Oxfordshire’s The Bat and Ball acquired by newly-launched pub group
Publican Ben Moss, who also owns The Lamb Inn in nearby Little Milton, has taken on the village pub after it was put up for sale by owners Admiral Taverns last year.
“It brings me so much joy to bring this community pub back to life in the form of The Bat and Ball and continue our mission of creating inclusive spaces where everyone can come together and enjoy great food, drinks and hospitality,” says Moss.

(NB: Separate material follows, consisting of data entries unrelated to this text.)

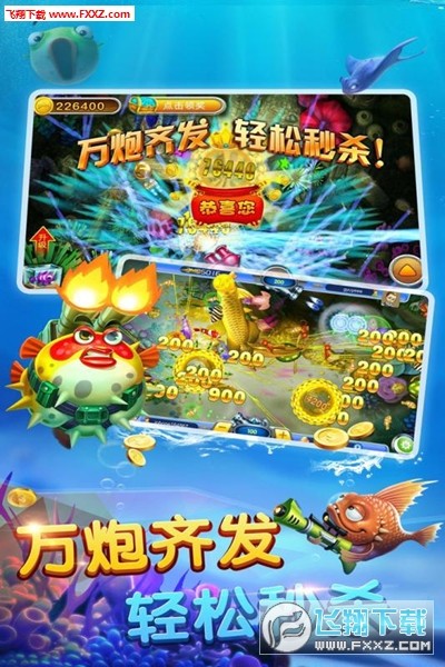 2、多种炮台规格,十炮、百炮、千包、万炮,疯狂开炮,万炮齐发。炮台基数越高,捕鱼赢得金币越多,秒变土豪,完美逆袭就是现在
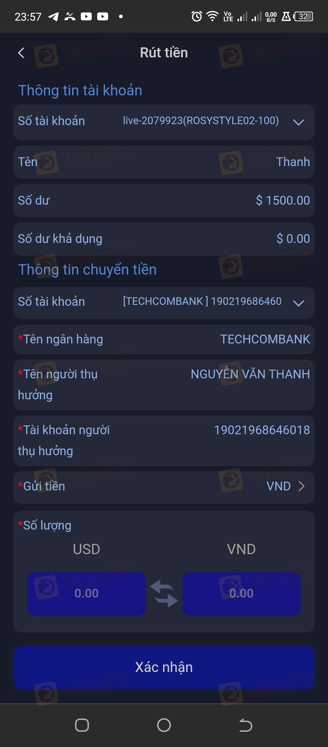 我在交易所开设的账户中存入了 1,500 美元 PROFIT CINDA LIMITED2023 年 4 月 10 日。 2023年4月14日,我下了提款单,在提款历史上看到订单被批准了,但是钱没有转到我的银行账户。我联系了交易所的客服人员,他们否认责任并指责兑换银行。但事实是他们故意不执行我的取款指令并拿走了我的钱。现在他们的客户服务人员已经将我从 zalo 中删除并阻止了与我的联系。清除 PROFIT CINDA LIMITED骗取客户的钱。期待您的帮助,非常感谢
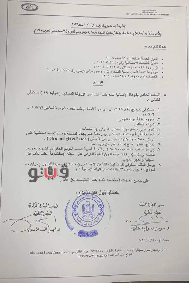أصدرت الإدارة المركزية للجان الطبية بالهيئة العامة للتأمين الصحي تعليمات دورية رقم 3 لسنة ٢٠٢١ بشأن خطوات استخراج شهاده وفاة مثبت فيها الوفاة نتيجة الإصابة بفيروس كورونا المستجد.
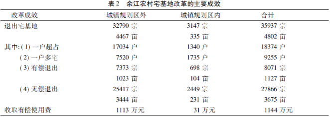 调查表明,一方面余江农村宅基地利用效率低下,大量闲置,浪费严重,另一方面,争占宅基地现象与日俱增,矛盾尖锐,乱象丛生。作为全国首批农村土地制度改革33个试点地区之一,2015年,余江正式启动农村宅基地制度改革并取得重要突破(表2):第一,余江区分五个批次,在全区1040个自然村全面推进农村宅基地制度改革,改革涵盖整个区域范围;第二,至2018年底,余江全区自愿退出宅基地34161宗、4802亩,退出土地可以满足全区未来15年内农村新增人口建房的用地需求;第三,余江区通过全面推进农村宅基地制度改革收取了农村宅基地有偿使用费1144万元,由集体经济组织支付退地补偿费1974万元。
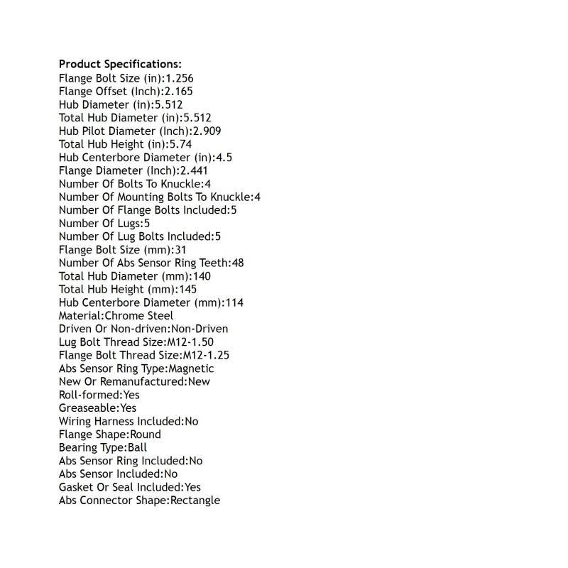 NUMBER OF LUG BOLTS INCLUDED: 5
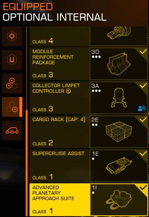 4E Cargo for limpets, so you can loot easier and Operations limpet controller 3B to use collectors to loot and Recon to hack screens for powerplay.
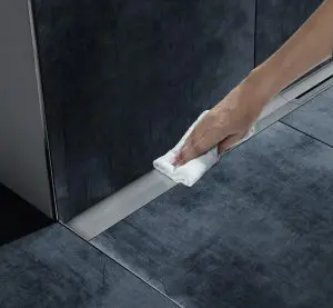 Hygiëne is altijd essentieel, niet alleen in deze tijd. Vanuit dit perspectief heeft TECE haar TECEdrainprofile doucheprofiel een aantal slimme eigenschappen meegegeven voor maximale hygiëne. Zo is het doucheprofiel over de volle lengte van een helling voorzien. Deze helling zorgt voor een optimale waterafvoer en een effectief zelfreinigend effect. Voor inspectie en het reinigen van de afvoer kan het profieldeksel door middel van de push-functie makkelijk worden uitgenomen. Daardoor heeft men direct toegang tot de afvoer, zodat deze snel en eenvoudig is te reinigen. Het doucheprofiel behoeft slechts met een doek – en alleen aan de bovenzijde – schoongemaakt te worden. In tegenstelling tot een douchegoot waarbij het rooster eerst verwijderd moet worden, alvorens de douchegoot schoongemaakt kan worden. Bij een douchegoot duurt het reinigen langer en kost dus meer. In de praktijk blijkt ook, dat dit niet altijd even zorgvuldig geschiedt. Als laatste zorgen het geringe aantal onderdelen en de strakke vormgeving ervoor, dat er minder spleten zijn waarin vuil zich kan ophopen. Conclusie: met een doucheprofiel is een vervuilde douchegoot verleden tijd, het zorgt voor meer hygiëne en meer schoonmaak gemak!
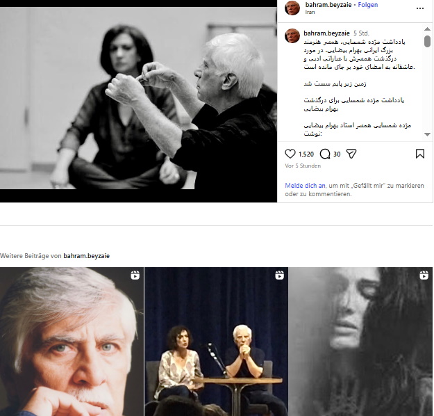 «امروز، آن صدای خسته برای من صدای یک عصر کامل است؛ عصری که با بیضایی فکر کرد و قد کشید. سینمای ایران به او بدهکار است؛ نه فقط برای آثارش، بلکه برای شرافتی که به اندیشه و هنر بخشید. او رفت، اما آنچه ساخت و کاشت، در تصویر، در کلمه و در وجدان ما زنده مانده.»
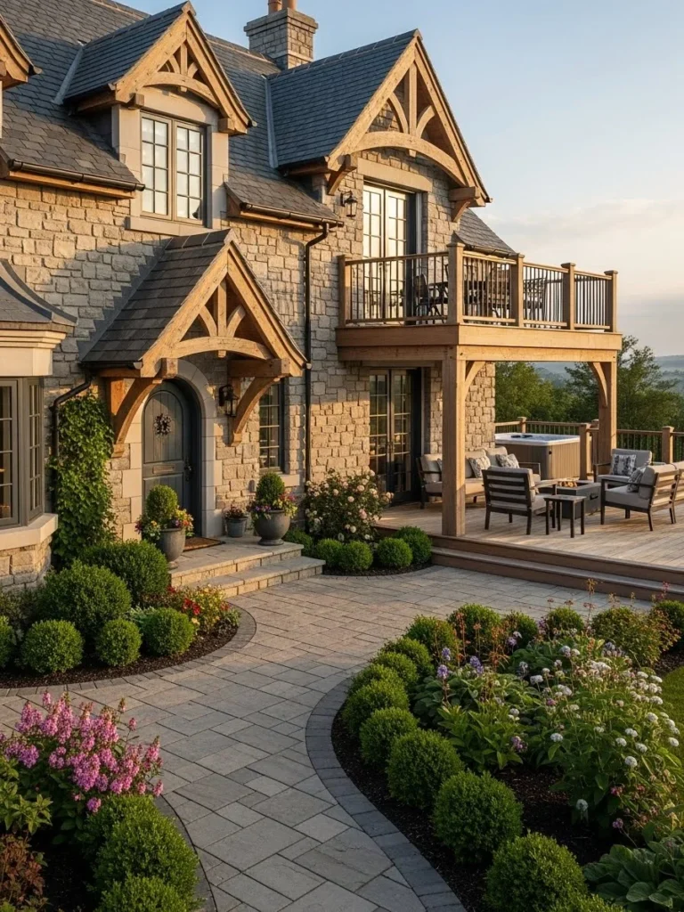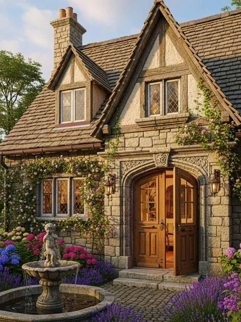 This old-world European luxury cottage showcases weathered stone and artisanal craftsmanship. Its presence feels historic and enduring.
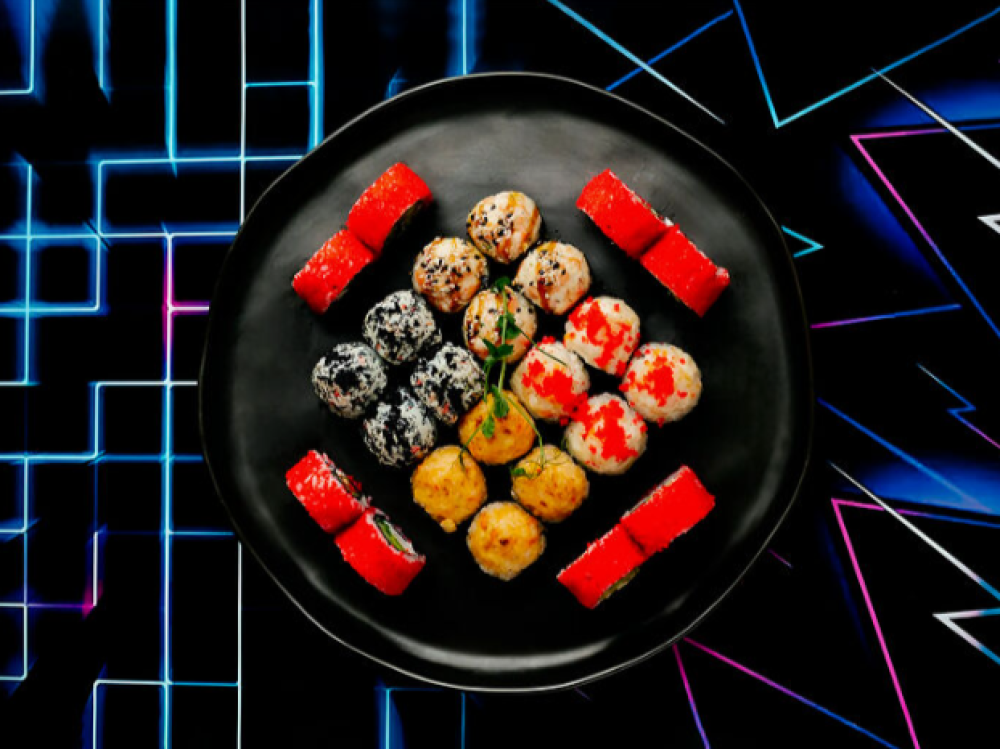 Калифорния с лососем, ролл запечённый с лососем 1/2,ролл запечённый с креветкой 1/2,ролл запечённый том ям 1/2,ролл запечённый снежный краб 1/2
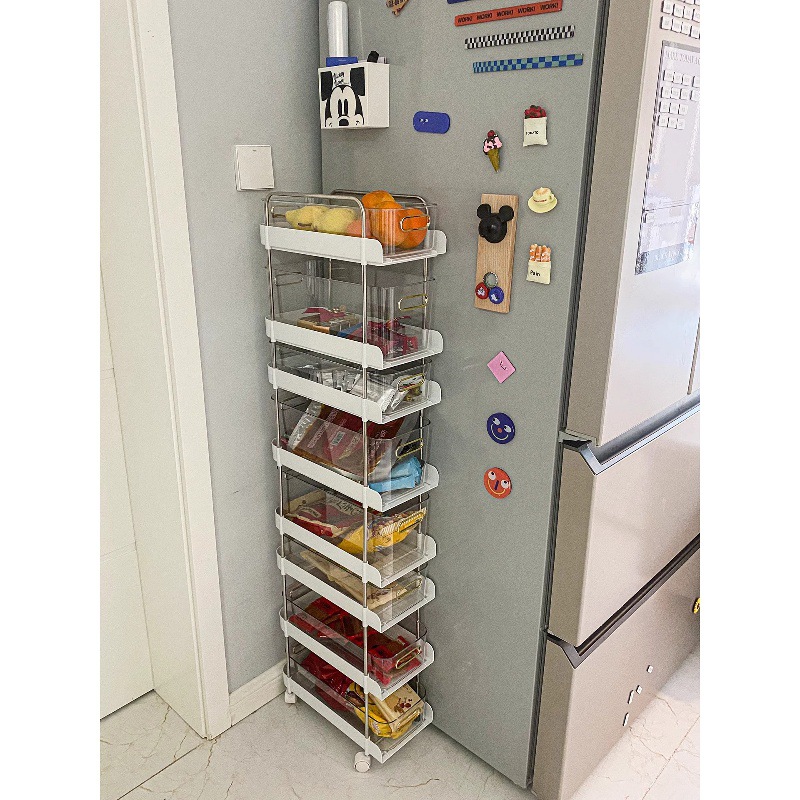 Rak penyimpanan perlengkapan anak dan ibu rumah tangga kapasitas besar rak penyimpanan transparan makanan ringan kamar tidur troli multifungsi dapat bergerak
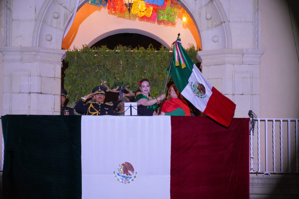 El evento tuvo lugar en la Plaza de la Independencia, donde los asistentes unieron su voz junto a la alcaldesa Carmen Lilia Canturosas Villarreal para corear a los héroes que dieron patria al país y gritar “¡Viva México!”.

Nat Berney, who previously cooked at Raymond Blanc’s Le Manoir aux Quat’Saisons and is now head chef at The Lamb Inn, will lead the kitchen at The Bat and Ball.
The menu will feature classic pub dishes with ingredients sourced from local suppliers.
Meat will be from third-generation butcher The Calnan Brothers in Watlington; seafood from Flying Fish Seafood; organically grown vegetables from DBF Banbury; and cheese from Somerset’s Longman’s Cheese.
The wine list will focus on small growers, and they will serve local ales and a selection of Estrella beers.
Open for lunch and dinner, seven days a week, the dining space will accommodate 48 seated covers and additional standing space for 10.
The pub will also host five guest rooms including three king suites, one king, and one double.
Moss adds: “The pub will preserve the essence of a classic local pub, where people can either pop down for a pint with their dog in tow or enjoy some proper good British pub grub.”